▶ [Task prompt]
Please transcribe the data that follows exactly as given, leaving out every picture.

▶ [Information supplied]
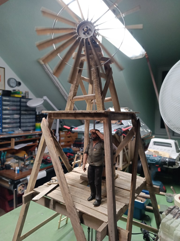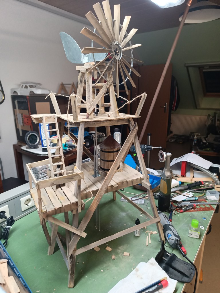 Auch hier hatte ich noch eine Trittfläche für den Austritt montiert. Letztendlich noch einige Pfosten, um gesichert rund um das Windrad laufen zu können. Das als Sicherung vorgesehene, rustikale Naturseil hängt leider nicht schön durch und wird sicher noch gegen etwas realistischeres ausgetauscht.
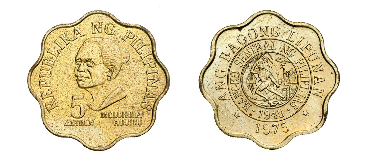 Another large order followed in 1975 for 5 sentimo pieces in brass and 1 sentimo pieces in aluminium, the former having a scalloped or wavy edge and the latter being square. Both feature a man turning a large wheel with a ship unloading cargo in the background, with the native chief Lapulapu on the 1 sentimo and, shown here, the revolutionary hero Melchora Aguino on the 5 sentimos.
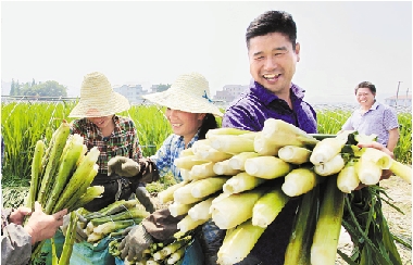 5月7日,缙云县大棚茭白抢鲜上市,田间收购价达每公斤6元,目前该合作社每天有10至20吨的茭白销往杭州温州等地。 报道组 许小峰 朱映归 摄
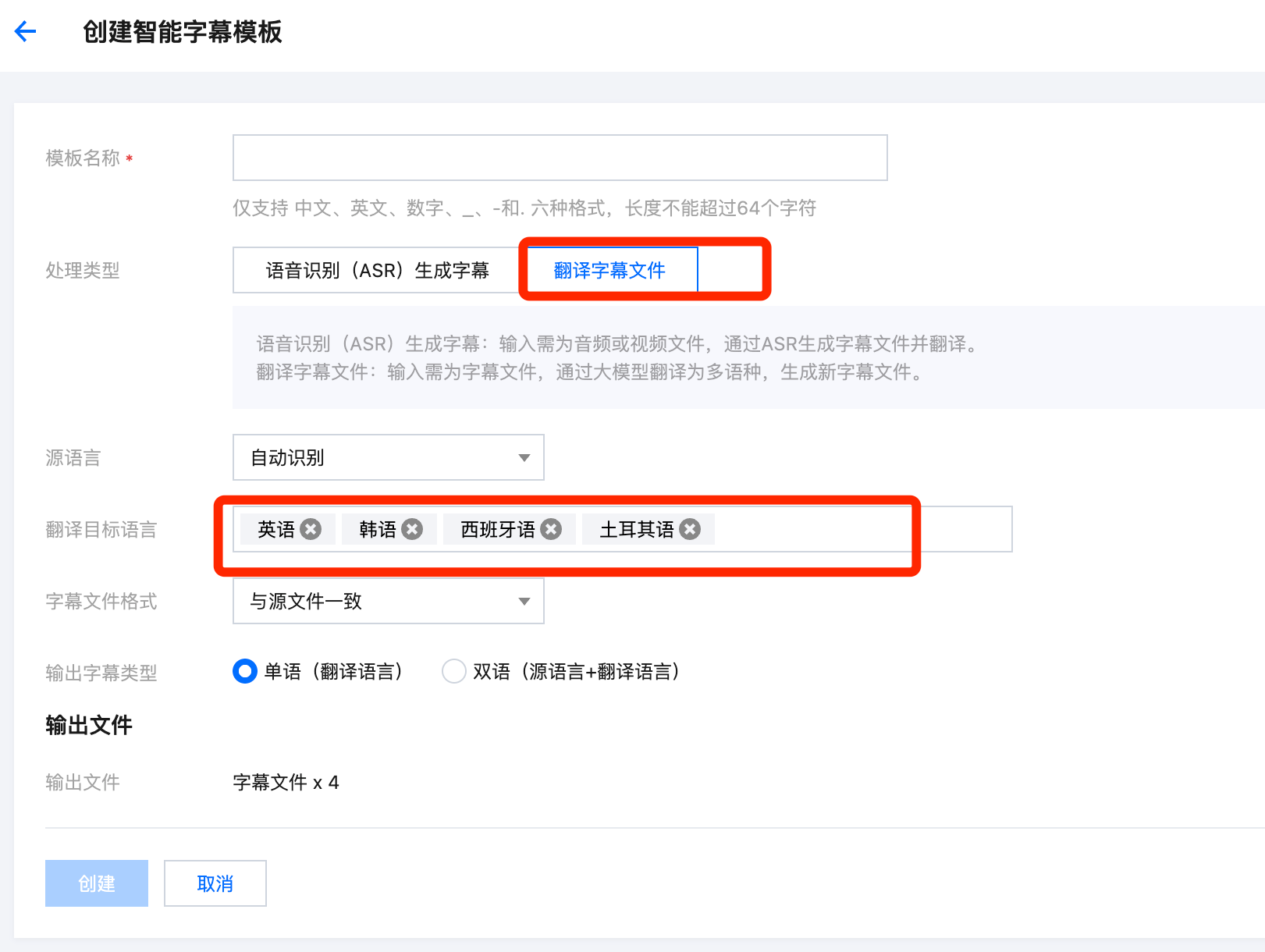 处理类型选择「翻译字幕文件」,并选择了 n 个翻译目标语言,将会收取 「翻译字幕」× 1 + 翻译字幕(附加语种)× (n-1) 费用。

▶ [Answer area]
 Auch hier hatte ich noch eine Trittfläche für den Austritt montiert. Letztendlich noch einige Pfosten, um gesichert rund um das Windrad laufen zu können. Das als Sicherung vorgesehene, rustikale Naturseil hängt leider nicht schön durch und wird sicher noch gegen etwas realistischeres ausgetauscht.
 Another large order followed in 1975 for 5 sentimo pieces in brass and 1 sentimo pieces in aluminium, the former having a scalloped or wavy edge and the latter being square. Both feature a man turning a large wheel with a ship unloading cargo in the background, with the native chief Lapulapu on the 1 sentimo and, shown here, the revolutionary hero Melchora Aguino on the 5 sentimos.
 5月7日,缙云县大棚茭白抢鲜上市,田间收购价达每公斤6元,目前该合作社每天有10至20吨的茭白销往杭州温州等地。 报道组 许小峰 朱映归 摄
 处理类型选择「翻译字幕文件」,并选择了 n 个翻译目标语言,将会收取 「翻译字幕」× 1 + 翻译字幕(附加语种)× (n-1) 费用。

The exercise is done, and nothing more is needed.